Continuity Insert? N

My Reprint: N/A

Inbound References (1): show

  • ROM #24

Characters Appearing: Adora, Agatha Harkness, Alicia Masters, Franklin Richards, Human Torch, Invisible Woman, Jarvis, Monocle, Mr. Fantastic, Nova (Frankie Raye), Thing

Previous:
Avengers #181-182
Up:
Main

1979 / Box 14 / EiC: Jim Shooter

Next:
Ms. Marvel #23

Comments

Johnny's thought balloon as he gets the pager call is hilarious as it can be taken in a very different light.;)

Posted by: clyde | February 18, 2015 12:54 PM

Oh hey Dr. Faustus did come first by about two years so the Monocle does seem especially redundant even in a superhero universe.

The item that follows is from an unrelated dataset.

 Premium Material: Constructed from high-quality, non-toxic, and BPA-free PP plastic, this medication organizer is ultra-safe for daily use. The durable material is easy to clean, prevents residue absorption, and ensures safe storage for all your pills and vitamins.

Posted by: david banes | February 18, 2015 2:40 PM

Although I think the Monocle is all kinds of awesome, I am surprised he was introduced as late as 1979. He must have felt out of date even back then.

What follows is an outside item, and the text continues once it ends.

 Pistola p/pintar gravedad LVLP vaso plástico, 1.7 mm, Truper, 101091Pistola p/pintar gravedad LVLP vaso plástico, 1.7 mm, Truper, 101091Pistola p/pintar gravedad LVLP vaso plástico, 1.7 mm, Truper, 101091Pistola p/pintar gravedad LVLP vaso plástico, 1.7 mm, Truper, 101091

Posted by: kveto | February 19, 2015 5:01 PM

His first appearance was actually Fantastic Four #95. A Lee/Kirby original!

Posted by: fnord12 | February 19, 2015 5:04 PM

That makes more sense:-)

Posted by: kveto | February 19, 2015 5:06 PM

In Kirby's defense, the Monocle was created during his last few months with Marvel, when he knew the end was near and when he was (surely) focusing his attentions on the upcoming Fourth World.

Posted by: Zeilstern | February 19, 2015 8:56 PM

I have to agree with Clyde. I'm surprised I've never seen that panel before. Taken out of context, it is one of the great panels of all-time.

Still, this seems like an awful lot to happen in one issue.

And to be fair to Marvel, this kind of influence from the outside use of characters happened at DC back in the sixties - Mr. Freeze only became Mr. Freeze after he was called that on the Batman show and the whole creation of Batgirl stems from involvement with the show.

Posted by: Erik Beck | April 13, 2015 11:53 AM

Yeah, but it's gone to ridiculous lengths with Marvel- Nick Fury's been written out and replaced with his never-before-seen black son and the Scarlet Witch and Quicksilver are no longer mutants, despite being mutants for over half a century.

Posted by: Michael | April 13, 2015 8:24 PM

Nick Fury Jr aka Blick Fury is especially odd considering Miles Morales is being imported to the MU soon. Of course in this case it's the movies basing themselves on the ultimate comics to begin with so it's interestingly circular. I just don't understand that none of the suits ever notice there is no real crosspromotion? Like a billion people are gonna watch Age of Ultron in a few weeks but I highly doubt even 1 percent of them will be thereafter looking for a comic. And if they do look for one, why deal with retcons like Wanda and Pietro because the odds they will buy an older tpb that has them as mutants are quite high.

Now I'm imagining them taking retconning to the next level and changing the word mutant to inhuman in all future reprints. Say, is this inhuman kick they're going on any good for the Kirby estate?

And oh yeah, showed that panel out of context to my wife and she was aghast. Aghast I tell you!

Posted by: PeterA | April 14, 2015 3:20 AM

Not for nothing, but eventually that "Avengers Assemble" book, under Kelly Sue DeConnick, became one of the better Avengers books of its time. Cancelled too soon.